Stakeholder Networking: Making Policies Reflect the Public Interest. Given that 21st century problems cannot be properly addressed through unilateral action, savvy managers should look to building a stakeholder network and begin identifying the appropriate people to engage. The case of study of the New York Port Authority’s attempt to engage business and civil society in the plans to rebuild the World Trade Center illuminates the complexities of selecting appropriate contributors and finding common goals among a cacophony of voices. Ultimately, this case raises more questions than answers. Some citizen engagement is necessary, but the extent to which bureaucracy should engage citizens remains unclear.
Tenacious Promotion of Success: Shaping Public Perceptions. Although citizens depend on government-provided services, the public servants who help to build and maintain those services remain largely nameless and faceless. What is more, the media does not hesitate to broadcast government failures and scandals. Maintaining an open government is no longer enough. In a democracy, public officials must also accept the responsibility of keeping the public informed through public reporting in annual reports, through public hearings to involve citizen participation or through public service ads. Cohen and Eimicke recommend that administrators approach the media in a way that will give them greater control over the message they send to the public. Each employee, then, should have some training on media relations in order to help validate an organization’s public credibility.

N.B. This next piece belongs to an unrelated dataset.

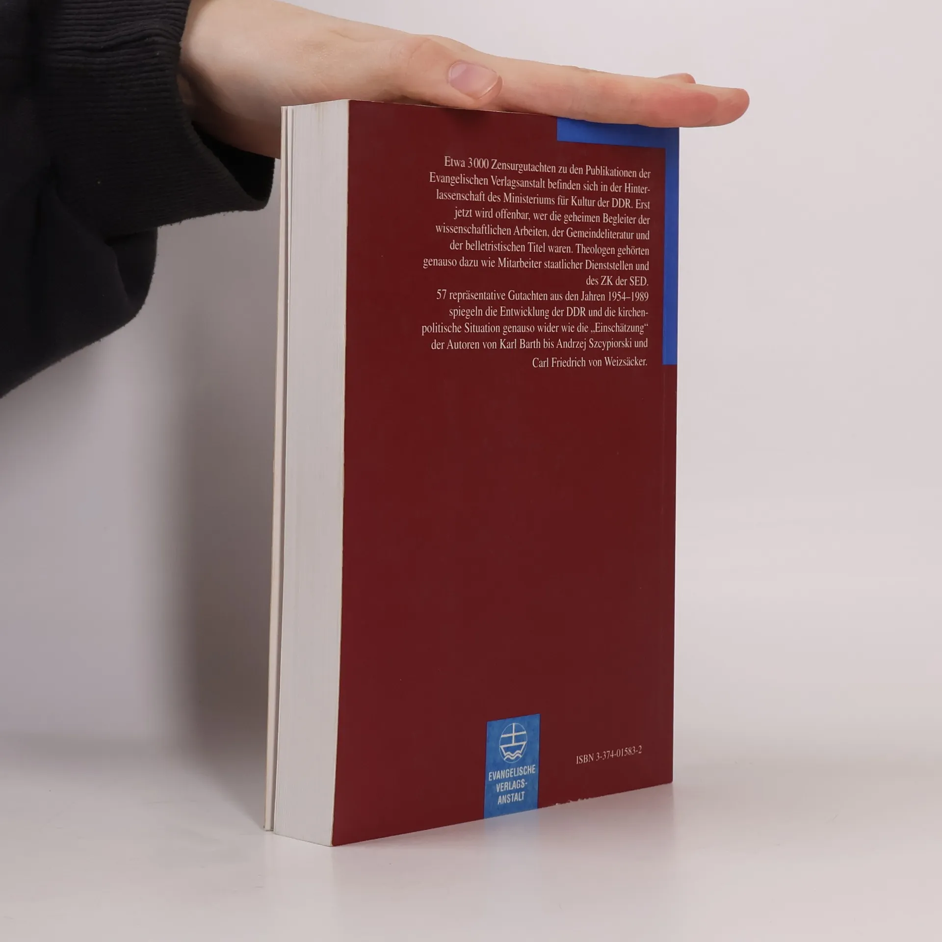 Etwa 3000 Zensurgutachten zu den Publikationen der Evangelischen Verlagsanstalt befinden sich in der Hinterlassenschaft des Ministeriums für Kultur der DDR. Erst jetzt wird offenbar, wer die geheimen Begleiter der wissenschaftlichen Arbeiten, der Gemeindeliteratur und der belletristischen Titel waren. Theologen gehörten genauso dazu wie Mitarbeiter staatlicher Dienststellen und des ZK der SED. 57 repräsentative Gutachten aus den Jahren 1954-1989 spiegeln die Entwicklung der DDR und die kirchenpolitische Situation genauso wider wie die „Einschätzung“ der Autoren Karl Barth bis Andrzej Szcypiorski und Carl Friedrich von Weizsäcker.

The paradox of anti-government sentiment is that its origins are multifaceted: found in the beliefs of both citizens and public servants. Thus, any attempts by public administrators to promote a pro-government culture within the United States must be equally multi-dimensional, addressing the rifts of mistrust between, within and without government, at local and national levels and prescribe creative solutions to build a society characterized by a government more united with the needs of its populace. The United States constitutional imperative on a bureaucracy improves the practice of democracy, demands that public servants advance a common goal: the promotion of strong government-citizen ties and mutual T.R.U.S.T.